[Collection entries]
──────

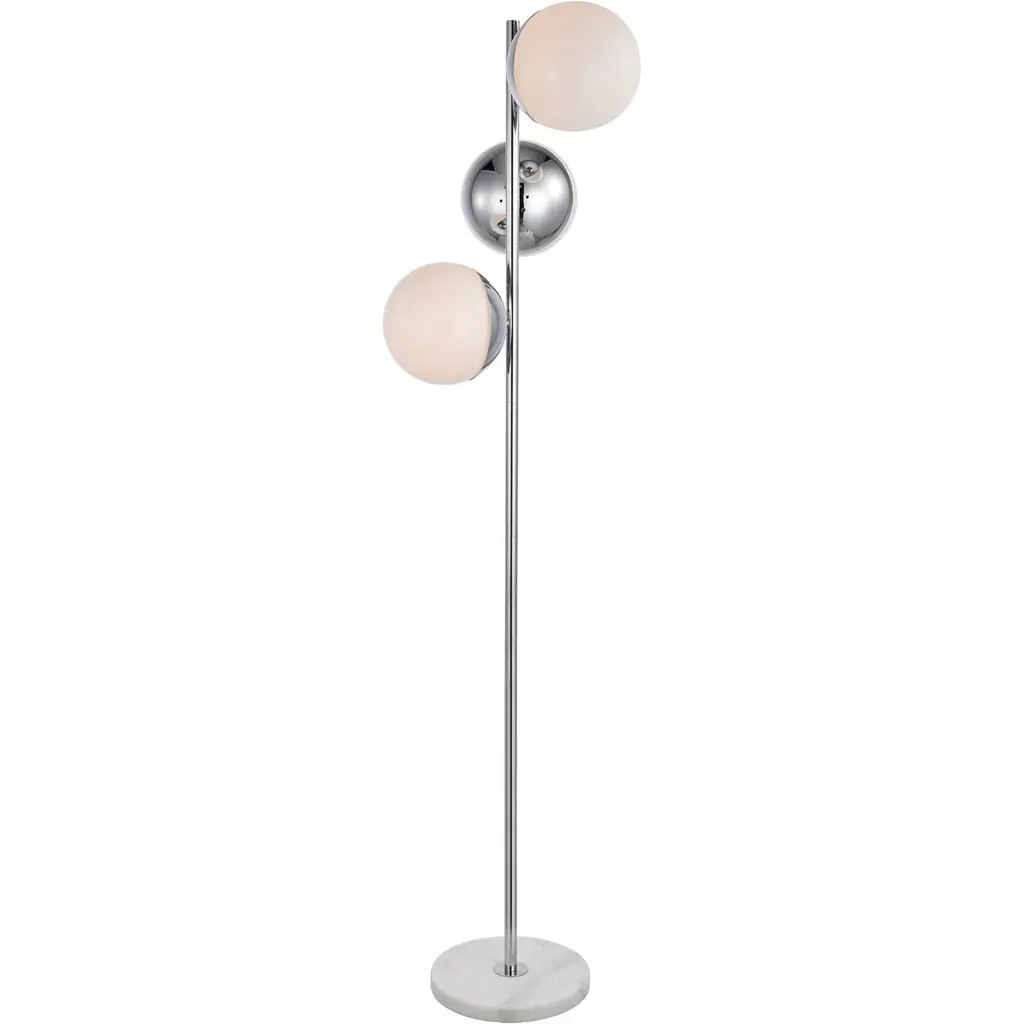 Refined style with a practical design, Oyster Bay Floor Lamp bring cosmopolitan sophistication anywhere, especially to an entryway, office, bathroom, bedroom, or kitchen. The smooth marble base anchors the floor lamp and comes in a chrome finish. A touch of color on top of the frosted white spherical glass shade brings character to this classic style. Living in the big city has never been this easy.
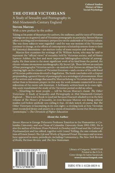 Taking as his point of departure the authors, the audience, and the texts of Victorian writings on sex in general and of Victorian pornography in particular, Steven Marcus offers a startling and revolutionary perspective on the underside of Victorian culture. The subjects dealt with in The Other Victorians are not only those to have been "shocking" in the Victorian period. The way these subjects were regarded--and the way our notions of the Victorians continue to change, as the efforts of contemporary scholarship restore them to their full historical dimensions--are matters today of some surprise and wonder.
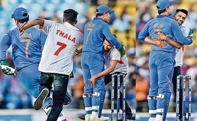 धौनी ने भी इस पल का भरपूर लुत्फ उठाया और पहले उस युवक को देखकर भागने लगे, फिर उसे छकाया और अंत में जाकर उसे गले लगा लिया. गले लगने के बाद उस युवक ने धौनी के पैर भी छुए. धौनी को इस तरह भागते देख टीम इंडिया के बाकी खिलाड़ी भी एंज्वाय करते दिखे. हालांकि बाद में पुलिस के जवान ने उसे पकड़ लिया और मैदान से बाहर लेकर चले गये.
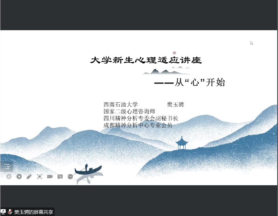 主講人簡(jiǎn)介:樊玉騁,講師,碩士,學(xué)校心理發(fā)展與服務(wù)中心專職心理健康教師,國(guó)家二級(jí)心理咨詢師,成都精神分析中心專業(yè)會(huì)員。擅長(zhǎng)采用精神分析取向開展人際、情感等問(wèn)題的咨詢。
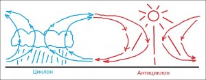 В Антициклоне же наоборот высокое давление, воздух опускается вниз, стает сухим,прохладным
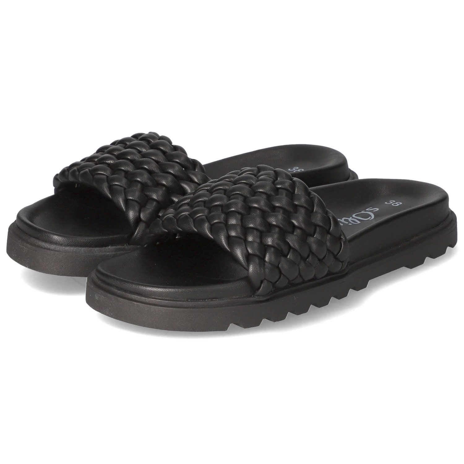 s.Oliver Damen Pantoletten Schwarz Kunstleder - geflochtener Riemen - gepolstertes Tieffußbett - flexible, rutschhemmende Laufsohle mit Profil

──────

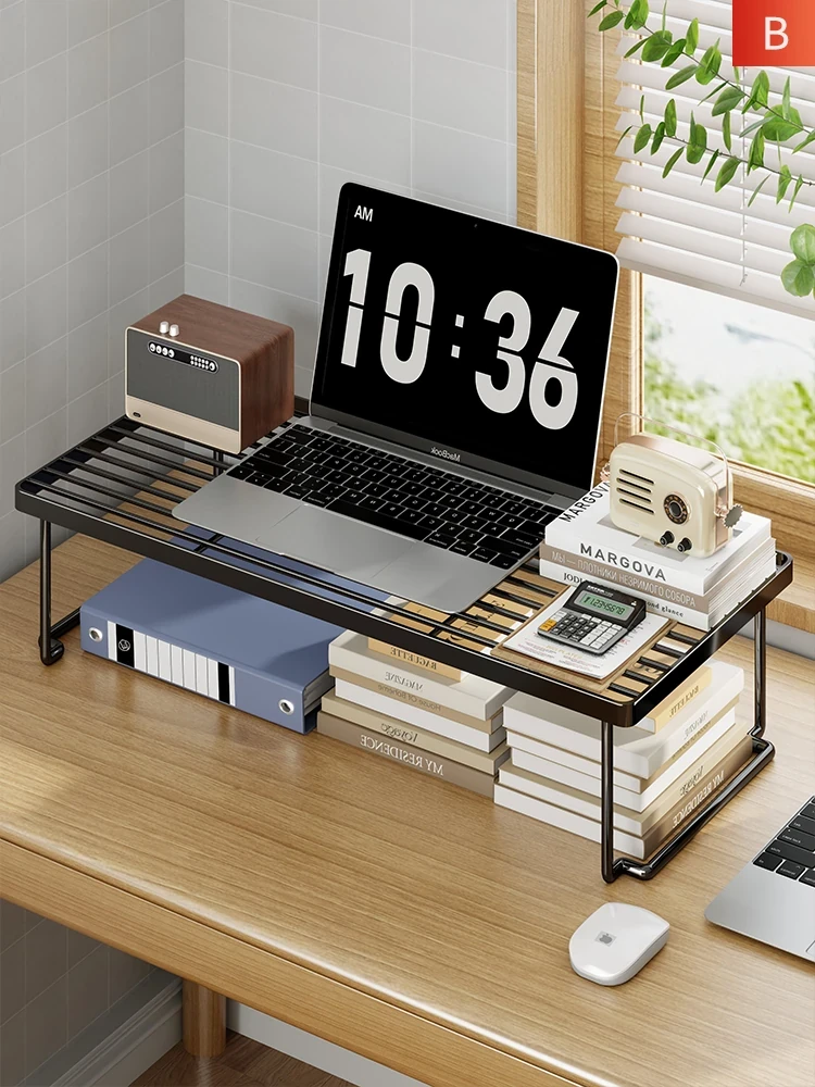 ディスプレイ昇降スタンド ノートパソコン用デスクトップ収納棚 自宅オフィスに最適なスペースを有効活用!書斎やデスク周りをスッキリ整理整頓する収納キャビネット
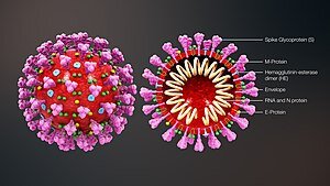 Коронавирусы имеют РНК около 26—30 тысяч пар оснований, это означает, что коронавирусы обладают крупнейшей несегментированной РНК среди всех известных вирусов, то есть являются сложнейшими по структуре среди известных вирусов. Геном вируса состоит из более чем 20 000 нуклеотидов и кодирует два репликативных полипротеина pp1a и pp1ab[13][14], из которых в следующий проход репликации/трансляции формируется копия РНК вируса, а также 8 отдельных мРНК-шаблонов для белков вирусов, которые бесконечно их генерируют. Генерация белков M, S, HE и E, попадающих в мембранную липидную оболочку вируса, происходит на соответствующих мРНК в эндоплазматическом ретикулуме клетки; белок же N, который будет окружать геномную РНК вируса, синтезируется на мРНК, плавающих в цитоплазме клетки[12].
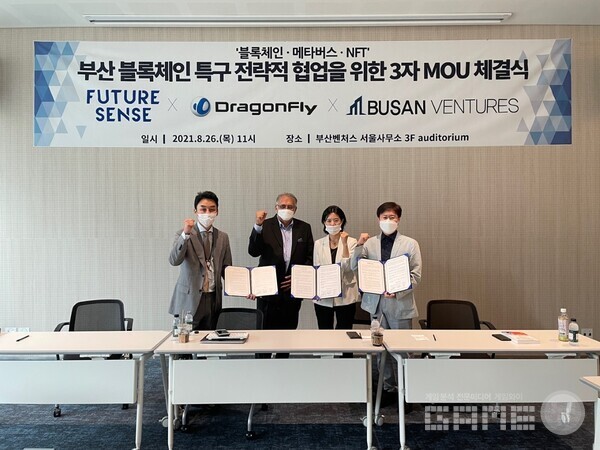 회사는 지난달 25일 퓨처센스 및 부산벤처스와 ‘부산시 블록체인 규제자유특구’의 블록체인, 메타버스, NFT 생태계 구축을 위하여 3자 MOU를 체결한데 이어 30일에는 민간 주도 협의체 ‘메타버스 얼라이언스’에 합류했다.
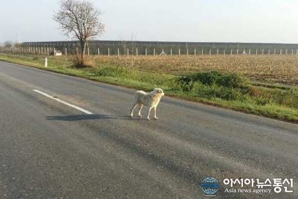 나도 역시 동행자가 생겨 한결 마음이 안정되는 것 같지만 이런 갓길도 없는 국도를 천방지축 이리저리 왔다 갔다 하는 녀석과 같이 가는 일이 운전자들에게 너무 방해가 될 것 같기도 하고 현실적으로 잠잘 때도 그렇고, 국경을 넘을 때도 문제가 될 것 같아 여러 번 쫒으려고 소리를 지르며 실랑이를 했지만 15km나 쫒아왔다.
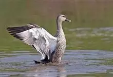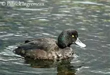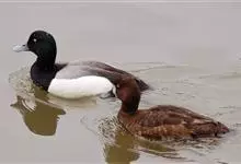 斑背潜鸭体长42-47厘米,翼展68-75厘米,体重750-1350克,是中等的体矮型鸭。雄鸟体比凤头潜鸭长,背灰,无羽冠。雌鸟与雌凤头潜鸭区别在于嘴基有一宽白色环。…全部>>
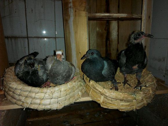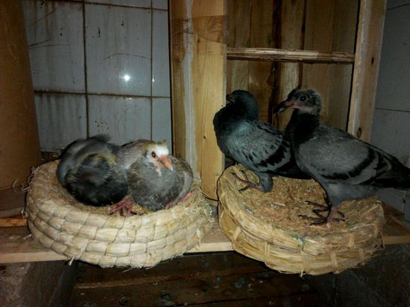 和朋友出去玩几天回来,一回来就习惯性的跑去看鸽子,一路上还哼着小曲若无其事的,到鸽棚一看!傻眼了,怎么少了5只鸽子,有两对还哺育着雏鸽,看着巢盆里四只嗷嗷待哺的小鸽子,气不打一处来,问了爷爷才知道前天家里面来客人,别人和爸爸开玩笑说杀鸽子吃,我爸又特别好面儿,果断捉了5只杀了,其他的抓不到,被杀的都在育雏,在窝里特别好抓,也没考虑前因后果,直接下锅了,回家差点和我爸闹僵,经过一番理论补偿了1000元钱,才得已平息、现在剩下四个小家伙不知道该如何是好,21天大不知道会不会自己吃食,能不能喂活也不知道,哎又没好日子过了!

──────

* **TRY IT**: Set the pictures aside and retype exactly the lines above from the line with "斑背潜鸭体长42-47厘米,翼展68-7" to the line with "和朋友出去玩几天回来,一回来", both included, adding no others.

* **SOLUTION FOR THIS PROBLEM**:
 斑背潜鸭体长42-47厘米,翼展68-75厘米,体重750-1350克,是中等的体矮型鸭。雄鸟体比凤头潜鸭长,背灰,无羽冠。雌鸟与雌凤头潜鸭区别在于嘴基有一宽白色环。…全部>>
 和朋友出去玩几天回来,一回来就习惯性的跑去看鸽子,一路上还哼着小曲若无其事的,到鸽棚一看!傻眼了,怎么少了5只鸽子,有两对还哺育着雏鸽,看着巢盆里四只嗷嗷待哺的小鸽子,气不打一处来,问了爷爷才知道前天家里面来客人,别人和爸爸开玩笑说杀鸽子吃,我爸又特别好面儿,果断捉了5只杀了,其他的抓不到,被杀的都在育雏,在窝里特别好抓,也没考虑前因后果,直接下锅了,回家差点和我爸闹僵,经过一番理论补偿了1000元钱,才得已平息、现在剩下四个小家伙不知道该如何是好,21天大不知道会不会自己吃食,能不能喂活也不知道,哎又没好日子过了!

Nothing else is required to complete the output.